豪傑おばさんの家には恐らくその娘さんと思われる、僕の滞在中に30歳を迎えた女性も同居していた。彼女の誕生日当日、机に上に綺麗なマットを敷き、その上に壷やらキリスト像やらを置き、その周囲をありったけの装飾品で飾り付けて祝福の準備をしていた。その後、その机の前でうつ伏せになってマラカスを振るという滑稽極まりない儀式が始まり、何故か僕も一緒にマラカスを振った。一通りの儀式が終わると、一体どれ程の量の砂糖が使われているのかと思うほどの甘い巨大なケーキを皆で分け合い、家族・親族で日本でいう三十路を祝福していた。ちなみに彼女はいつも家にいて、Windows7を搭載した20年近く前のSamsung製デスクトップパソコンでゲームをしていた。

豪傑おばさんの家に着いてすぐ、5歳くらいの男の子が僕に近づき、大リーガーがよくやっているお互いの手のひらを合わせたあとに拳をぶつけ合う儀式を僕と交わし、そのまま無言で立ち去っていった。また同じく5歳くらいの女の子はおもむろに僕に頰に顔を近づけ、耳元で軽く「チュッ」と歓迎の意を表した。僕は突然の出来事に呆然としてしまい、彼女が立ち去った数秒後に「Gracias...」と呟くのが精一杯だった。キューバの子どもたちにとってアジア人は珍しいらしく、どこか不安げな表情を浮かべながらも持ち前のオープンマインドなスキンシップに感動すら覚えた。

【最後に】

ついさっきまで生きていたと思われるヤギを山積みにした軽トラが街中を走っている一方、沿岸沿いにはアメリカ系高級ホテルの完成予想図が大々的に張り出されている。この国が刻一刻と変化している様子を感じた1週間でした。ハバナ市は人口200万人を抱えるキューバ最大の都市でありながら、コンビニ、マック、スタバといった外国人観光客の避難所と呼べるべき場所が一切無い。それと同時にインターネットに繋がらない現代の異空間であり、久しぶりに旅をした、という気持ちになりました。そしてハバナよりももっと小さい、外国人観光客が来ない町ではどんな生活が営まれているのか。これほど好奇心を駆られた国はありませんでした。

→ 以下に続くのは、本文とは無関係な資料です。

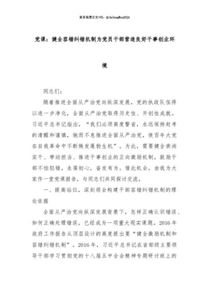 【七哥公文】2024年:党课:健全容错纠错机制为党员干部营造良好干事创业环境+更多免费公文+VX:QiGeGongWen2024

最終日、豪傑おばさんと僕はタクシーを3台乗り継ぎ、ハバナ空港まで一緒に向かいました。出国ゲートの前で熱い抱擁を交わし、言葉は通じずとも表情やジェスチャーで最後の別れを惜しみました。彼女からはスペイン語、それも筆記体で書かれた手紙をもらったので、時間があるときにGoogle先生の助けを借りながら解読したいです。

明日からは数ヶ月ヨーロッパに滞在する予定なので、アメリカが誕生する前の社会(つい260年前)に思いを馳せながら、各国・各都市を周ってみたいと思います。